All code for this post can be found on serverless handbook as usual

Why not just use tags?

My blog is static HTML and an easy route would be to use tags, like so many other static sites. I did a test, and it was just not good enough. I use tags like serverless which are rather broad, but I also have a few more narrow tags like lambda. But just because a post is tagged with serverless or lambda doesn't mean it might not share anything with other posts. Tags answer "what words did I label this with?", not "what is this post actually about?"

The next step would be to use content similarity. Here I can create vector embeddings for every post and return the three nearest neighbors, done! Well, yes, this is the backbone of the pipeline, but a raw top three closest neighbors often yields near-duplicate posts covering the exact same topic. Pure nearest neighbors matching can tell me that two posts are similar, but it doesn't tell me whether a reader who finished one would get anything out of the other.

So I extended the design, and the core of everything is that vector search retrieves data, and AI agent decides which relates the best. I start by narrowing down the number of posts using vector search, then an AI agent, playing the role of my editor, reads the posts and picks the three it thinks the readers would enjoy the most. It creates a one-sentence rationale for why it picked that post. That way I can review and refine the AI agent over time.

Architecture overview

When a post is published, the new blog pipeline posts a PostPublished event to an EventBridge bus.

{
  "Source": "....",
  "DetailType": "PostPublished",
  "Detail": {
    "slug": "lambda-durable-functions-101",
    "language": "en",
    "branch": "main",
    "commit_sha": "f8a2c1d3..."
  }
}

This will now invoke a Lambda Durable Function, which will coordinate the entire flow. As the coordination is mostly code steps, I decided to try Durable Functions instead of Step Functions, which has been my normal go-to in the past. With Durable Functions I get yet another tool in my toolbox.

Image showing the architecture overview, one durable Lambda orchestrating Bedrock, AgentCore Gateway, MongoDB Atlas, DSQL, and GitHub

The pipeline looks like this: it fetches the post markdown from GitHub, calls Bedrock to create an embedding using Amazon Titan Text Embeddings V2, and upserts it into a MongoDB Atlas collection. Next, the AI Agent is called to pick out the three related posts, starting with doing a vector search in MongoDB Atlas using a MCP tool hosted on AgentCore Gateway. Then the related posts references are added to DSQL, which is part of my home-built CMS system, and finally it updates the frontmatter of the post in GitHub and opens a PR.

I also needed to make sure that embeddings were created for all current posts; otherwise, it would not work for new posts. So I created a small one-time backfill setup.

Image showing the architecture overview for backfilling

That's a lot of moving parts for one function. I'll come back to why that works.

From Markdown to embeddings

The entire pipeline relies on one transformation, turning the blog post into embeddings so we programmatically can find similar posts.

An embedding model maps text to a fixed-length vector of floats. In my case, 1024 floats from Bedrock's Titan Text Embeddings v2. The model was trained so that texts about the same concepts land close together in that 1024-dimensional space, even when they share no vocabulary. My Durable Functions post and my Step Functions post end up as neighbors because both are about orchestrating workflows on AWS.

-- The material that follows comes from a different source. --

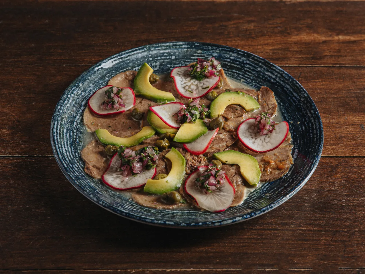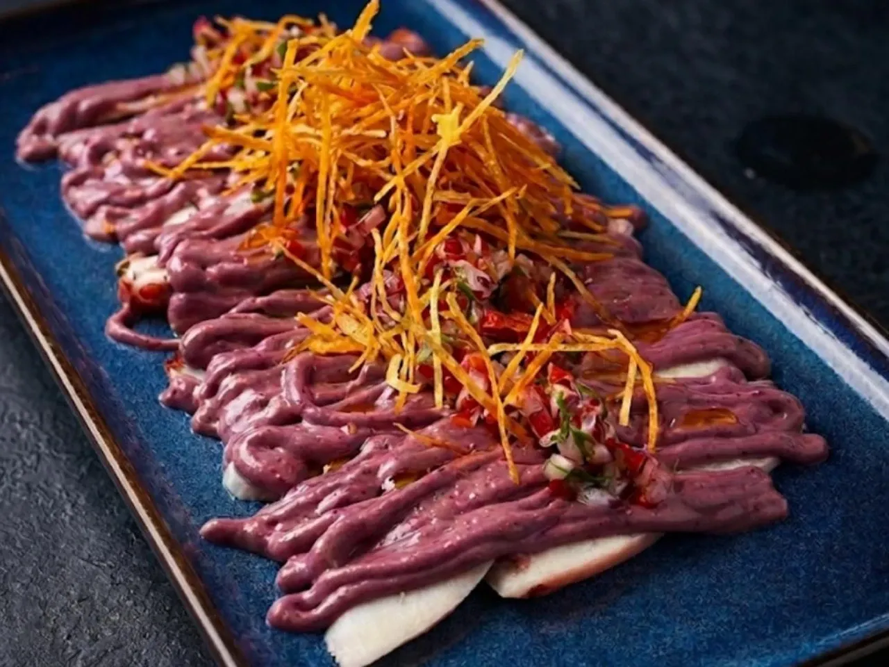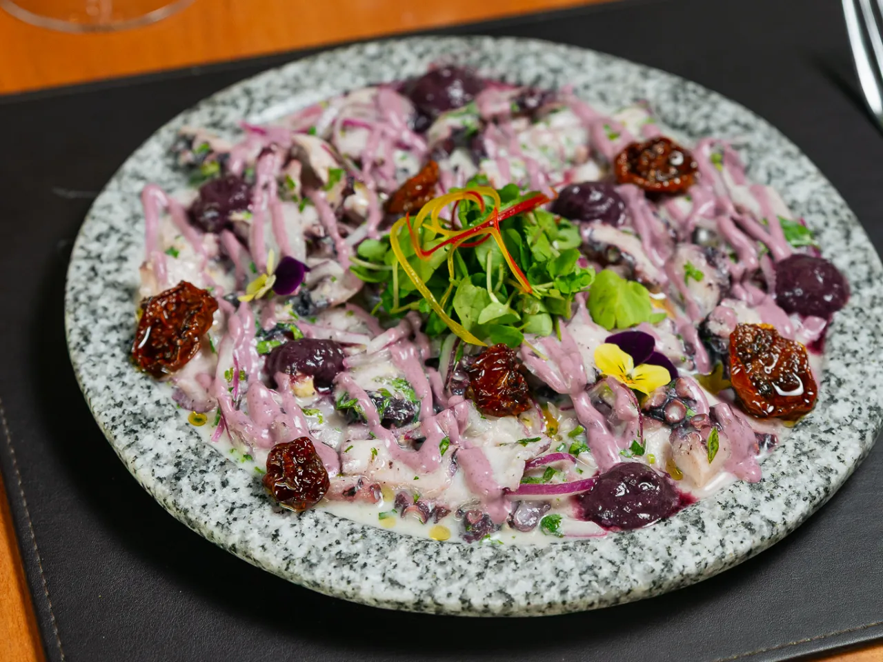 FINAS LONCHAS DE PULPO CON CREMA DE ACEITUNA DE AZAPA, CEBOLLA MORADA Y JUGO DE LIMON

Image showing blog posts as points in a 2D semantic map with topic clusters and the three picked posts highlighted

What goes into the embedding matters a lot, just as the model. I don't embed the entire raw markdown; I first run a small normalization step that strips the YAML frontmatter, removes every code example, and drops images, and finally create a new structure that can be fed to the model.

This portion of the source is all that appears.